10 April 2011

Black Dogs

I've been afraid of dogs. My first bad experience with one was, in my memory (which will need forgiveness to be sure), whitish and about the size and look of a lab. I was four and he came up to my nose. He knocked me over when he ran at me. My mom ran him over, accidentally, on the way home from a church meeting. I was in the back of the car at the time. I remember this because of the relief of having that fear eliminated from my life. The next bad dog experience was, and this is a bit embarrassing, as a paper boy collecting fees from a customer who had a small dog. When I knocked on the door Sputnik, about one foot high, lived up to his name and got me by the ankle. I stifled tears, took the apologies and the money, and never collected
there again. I was ten.

The first few years of bike commuting out here featured the added peril of a rottweiler named Samson. He made me mad, but my fear was, I think, warranted. He was huge and once when I stopped to talk to the owner he put his paws on my shoulders and licked me like a lover. I think he was getting a taste. Every few rides I'd be heading into the wind and he could keep up with me. Then he'd stay right my pedals. I had the feeling he was just waiting for the right time. The closest he came was one time when he came across the road and angled right at my front wheel. I braked to avoid him, and then stood on the pedals to save my life. These kinds of memories mark you, because you believe at the time that a great deal is at stake, perhaps everything.

The events of Ian McEwan's novel centre around the narrator's mother-in-law June's encounter on a mountain path with two black dogs. She was on her honeymoon. Her husband is a few hundred yards behind her on the path tying his shoes. This is not his betrayal. His unwillingness to accept the gravity of the event for her becomes the black dog in their relationship. They love each other, but their reactions to the circumstances surrounding this event, and their memories of it, thwarts their ability to live together for as long as they'd dreamed.
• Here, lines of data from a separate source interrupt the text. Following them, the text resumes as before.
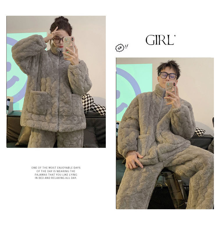 3 층 퀼트 산호 양털 커플 잠옷 가을과 겨울 여성 두꺼운 양털 세트 남자 홈 옷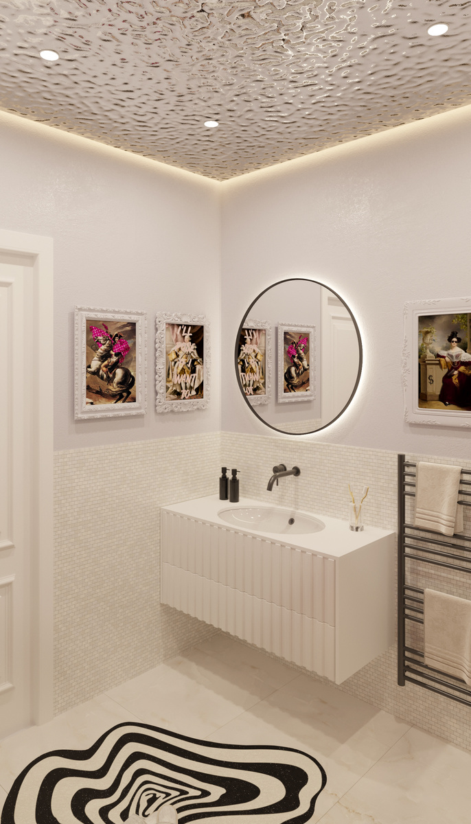 Так как заказчики хотели потолок из нержавеющей стали с фактурой «Рябь на воде», в поддержку водной тематике была добавлена перламутровая мозаика из ракушки. Нестандартной формы и рисунком черно-белый коврик отлично подходит к данной теме. Доминантной в текущем помещении является душевая перегородка с цветным стеклом (эффект - хамелеон), напоминающее закатное небо. В ванной комнате продолжается идея с репликами картин, что делает интерьер необычным и индивидуальным.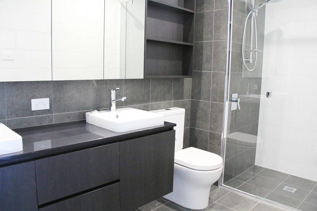 Stylish main bathroom with double basin vanity.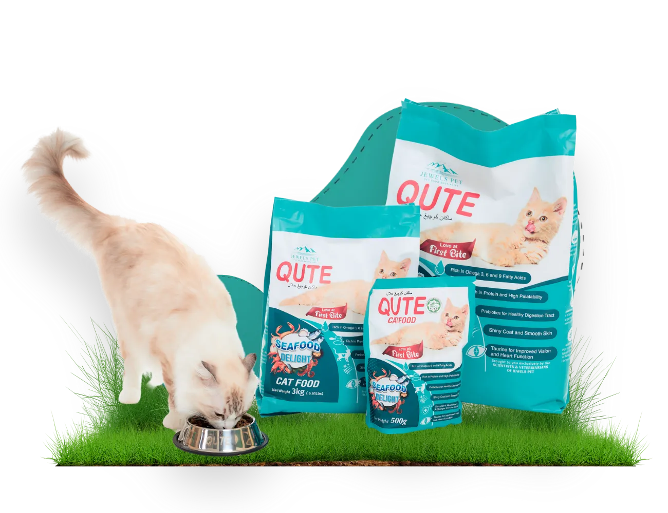 Resipi unik Qute Cat menonjolkan makanan daging ikan berkualiti tinggi yang diambil dengan segar. Bahan-bahan ini dicampurkan menjadi empat resipi yang kaya dengan nutrisi, menyajikan rasa yang sedap dan hidangan yang kaya dengan kesihatan. Qute Cat direka berdasarkan prinsip LID (limited ingredient diet), yang menggunakan hanya beberapa bahan berkualiti tinggi, yang menghasilkan tolerabiliti yang baik. Tambahan pula, makanan ini menyokong sistem imun semulajadi (serta melindungi sel-sel dari radikal bebas yang bertanggungjawab terhadap penuaan). Tentu saja, semua produk tidak mengandungi pewarna, perisa dan pengawet tiruan sama sekali.

A story like this is difficult to tell, without it becoming maudlin. McEwan's choice is to have the son-in-law narrate the story of his attempt to understand the demise of his wife's parent's marriage. This neutral point of view allows us to see and hear both sides of the story. It become idealogical as well, mixing in cold war politics and British communist idealism. I'm not convinced that t,his topical framing of the story is necessary, though I expect the intent is to show how the metaphor of black dogs extend to international politics. So how does post-ww2 encounter along the cold war mountain path form international relations today? McEwan may have imagined, when he wrote the novel (just after the fall of the Berlin Wall), that the black dogs of these years would lurk and poison us well into the future.

I find the small-scale human story most compelling, and the attempt to contextualize them in the large-scale international situation actually diminishes the simple and profound fact that happenings over which we have no control can become black dogs for us.

Still, the effects of memory is the point of the novel. From memory we reproduce our black dogs, no matter how true to the actual experience, daily. If we can't get a hold of them, and manage them, they're going to dominate us. They may keep us apart from one another.